Puisque le jeu est aussi énorme, c’est certain que plusieurs bogues font leur apparition. Cependant, contrairement aux jeux de Bethesda disons (SkyrimFallout), rien pour faire planter le jeu ou même la console. Plutôt, ces bogues créent des moments comiques. À titre d’exemple, alors que Michael revenait chez lui après une mission, sa femme était debout sur le comptoir de la cuisine comme si de rien n’était. Elle tenait une bouteille dans sa main avec le haut de celle-ci semblant lui traverser sa cuisse. Étrange…Sa fille était debout aussi sur le fauteuil du salon. Ça ne m’est arrivé qu’une seule fois mais j’ai trouvé le moment cocasse. J’ai remarqué quelques petits problèmes de physique aussi, des inconhérences plutôt. Certains accidents de voiture auraient dû me coûter la vie a plusieurs reprises. Ce qui est tout le contraire des accidents de motos. Des fois, je frappais un objet à très basse vitesse mais c’était suffisant pour tuer mon personnage. Peu importe.

Conclusion

En somme, Grand Theft Auto V est l’un des meilleurs jeux de l’année, facilement. L’immense popularité du jeu fera sûrement en sorte qu’il remportera le titre du jeu de l’année devant Bioshock Infinite et The Last of Us disons. Le jeu se compare plus facilement à The Elder Scrolls V : Skyrim. Bien que les deux jeux se déroulent dans des mondes complètement différents, leur jouabilité fait en sorte qu’ils se ressemblent. Avec le mode en ligne, vous pourrez mettre des dizaines d’heures supplémentaires dans le jeu.

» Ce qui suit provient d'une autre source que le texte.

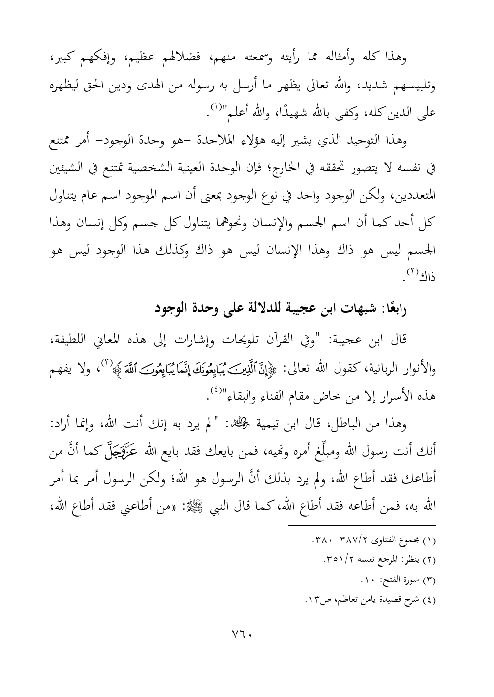 قال ابن عجيبة: "وفي القرآن تلويحات وإشارات إلى هذه المعاني اللطيفة، والأنوار الربانية، كقول الله تعالى: {إِنَّ الَّذِينَ يُبَايِعُونَكَ إِنَّمَا يُبَايِعُونَ اللَّهَ} (¬٣)، ولا يفهم هذه الأسرار إلا من خاض مقام الفناء والبقاء" (¬٤).

Tout joueur doit essayer GTA V. Ce n’est pas pour rien que la franchise règne dans le genre monde ouvert. C’est un événement à chaque fois qu’un nouvel opus se retrouve sur les tablettes. J’ai tendance à revenir à la série de temps en temps parce qu’elle est parfaite pour relâcher son stress. Quoi de mieux après une mauvaise journée que de se défouler sur des victimes sans défense (pixélisées évidemment)? Je pourrais facilement faire un parallèle avec les gens qui préfèrent plutôt se défouler dans le monde réel mais aujourd’hui n’est pas ce jour. Je ferai un article sur les jeux vidéo et la violence une autre fois car c’est tout de même un sujet passionnant.

Néanmoins, ne laissez pas des jeunes enfants jouer à des jeux comme celui-ci. Les adolescents le feront peu importe votre décision, eux (je sais, je n’avais pas l’âge d’y jouer non plus quand j’ai commencé). Il y a par contre trop de situations matures  pour les enfants. Évidemment, ils ne possèdent pas tous le même niveau de maturité. Sachez du moins qu’il y a de la nudité, de la drogue, de l’alcool, de la violence et du langage ordurier. À vous d’établir si vos enfants (si vous en avez) sont assez matures pour comprendre ce qui se passe réellement. S’ils regardent déjà des films d’action du genre 13 ans et plus, vous n’avez rien d’autre à craindre. Je me devais de souligner ceci avant de clôturer ma critique. À vous d’acquiescer ou de me dire de me mêler de ce qui me regarde. Sur ce, je vous revois à ma prochaine critique très chère lecteur(trice).